62 while (argi < ARGC)
63 cmd = cmd " " nextarg("command line argument");
64
65 if (debug != 0) {
66 printf ("cmd= %s\n", cmd);
67 exit (0);
68 }
69
70 rc = system(cmd);
71 exit (rc);
72 }
73 }
74
Lines 19 - 39 process any command line options, lines 41 - 47 read (if "issub == 0") the logline select expression.
In line 49 the interesting part begins. If a select expression is given, the script construct a shell command line in lines 50 - 56:
- the program to run is the script itself (line 50),
- calling namesubst() replaces patterns of the form
$namewithq[name], where theqarray is constructed by the parserequest() function; it holds the values from the request's QUERY_STRING part, - appends a call to printline() - if the given expression matches (line 54), and
- and adds the result to the command line as awk source code (line 56).
Line 59 is a safety option to prevent that the chl script we are going to invoke, starts another script, lines 62 and 63 append all arguments from the current command line to the new and line 70 finally calls the script. This script reinvocation is also the reason for the PATH=.:$PATH command prefix above. If you have chl in a directory which is not in your PATH, the script can not be found when it is called the second time.

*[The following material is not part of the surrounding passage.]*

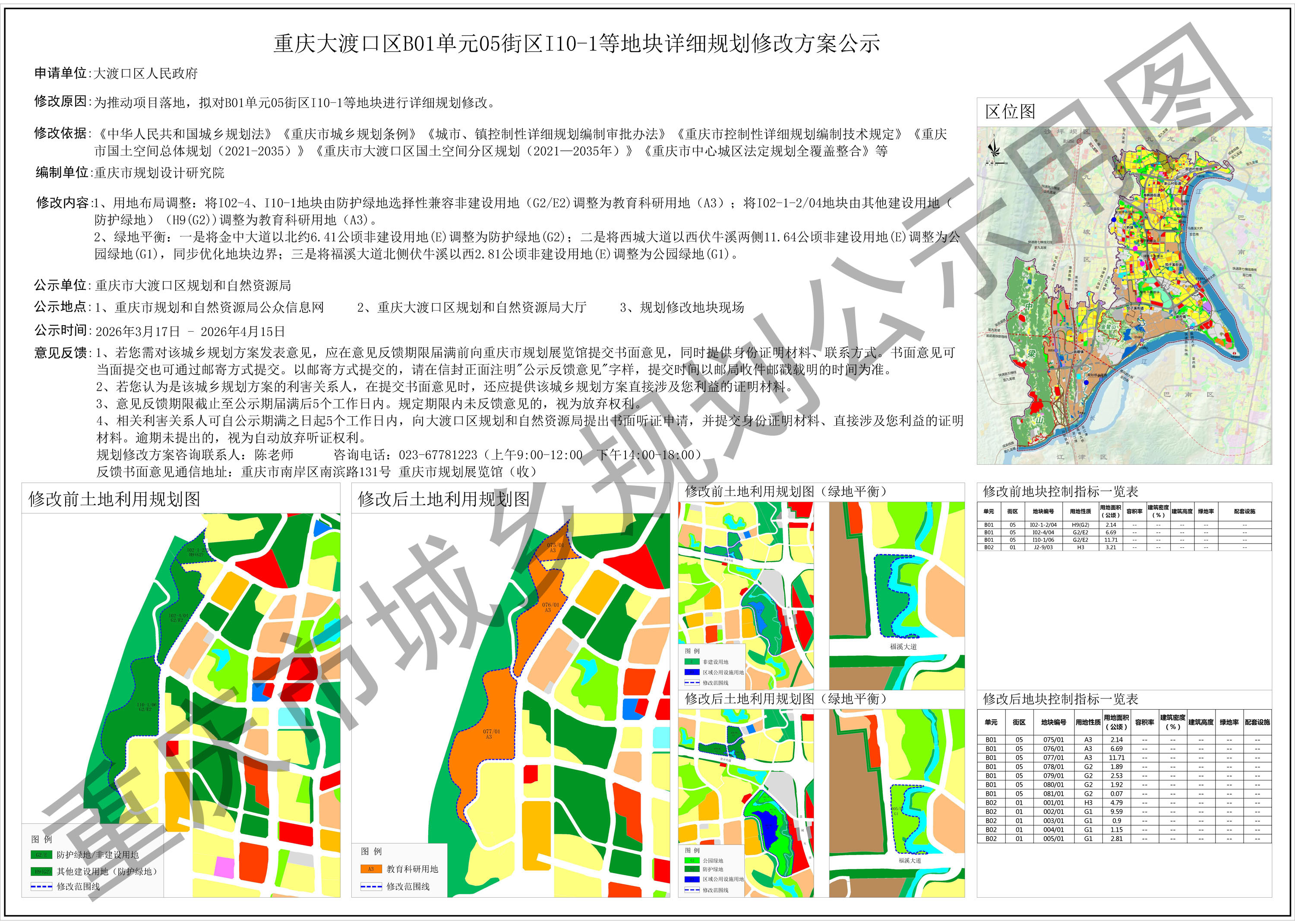 重庆大渡口区B01单元05街区I10-1等地块详细规划修改方案公示
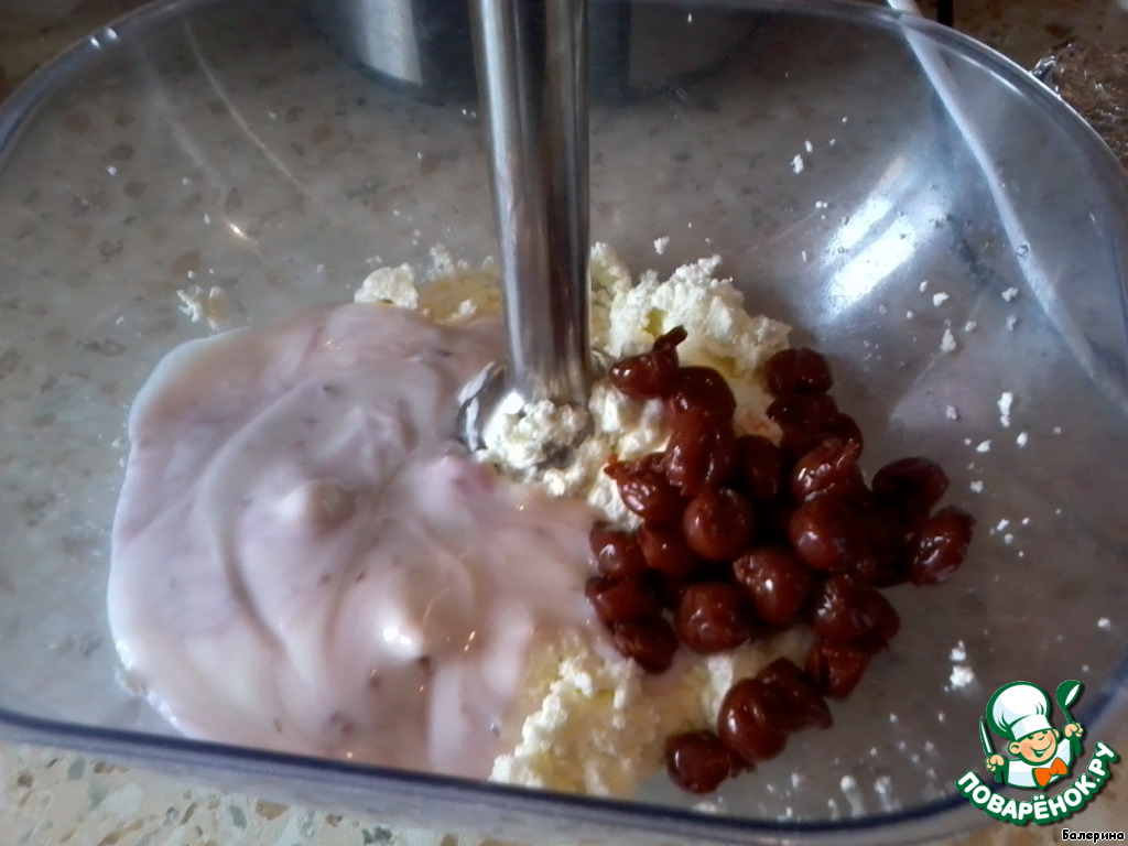 Теперь добавить 200 г йогурта и 2-3 ст.л. вишни. Все хорошо перемешать, в конце добавить распущенный желатин и еще раз размешать. Подглядела на сайте say7.

If you want to see the constructed command without actually running it, put the -d option on the command line:
# tail -f /path/to/http/logfile |
PATH=.:$PATH chl -d 'status >= 400'
The interesting (and yet missing) functions are
1
2 function quote(string) {
3 gsub(/'/, "'\\''", string);
4 string = "'" string "'";
5 return (string);
6 }
7
8 function namesubst(string, arr, p, x) {
9 while (match(string, /\$([a-z]+)/, x) > 0) {
10 p = p substr(string, 1, RSTART-1) arr "[\"" x[1] "\"]";
11 string = substr(string, RSTART + RLENGTH);
12 }
13
14 p = p string;
15 return (p);
16 }
17
Invocation
chl [options] expression [logfile ...]
colour HTTP server logfile lines in apache's combined logfile format. expression can be any valid awk expression to select the desired lines.
Command line options
- -d
-
debug option: print the constructed chl command but do not execute.
- -q
-
quiet option: do not append the call to printline() automatically. A
printstatement is then expected to be part of the expression.
Notice that if expression is empty, chl will not invoke a second script but process the line direct. Since expression is mandantory you may put a single dot as expression which is taken as empty expression.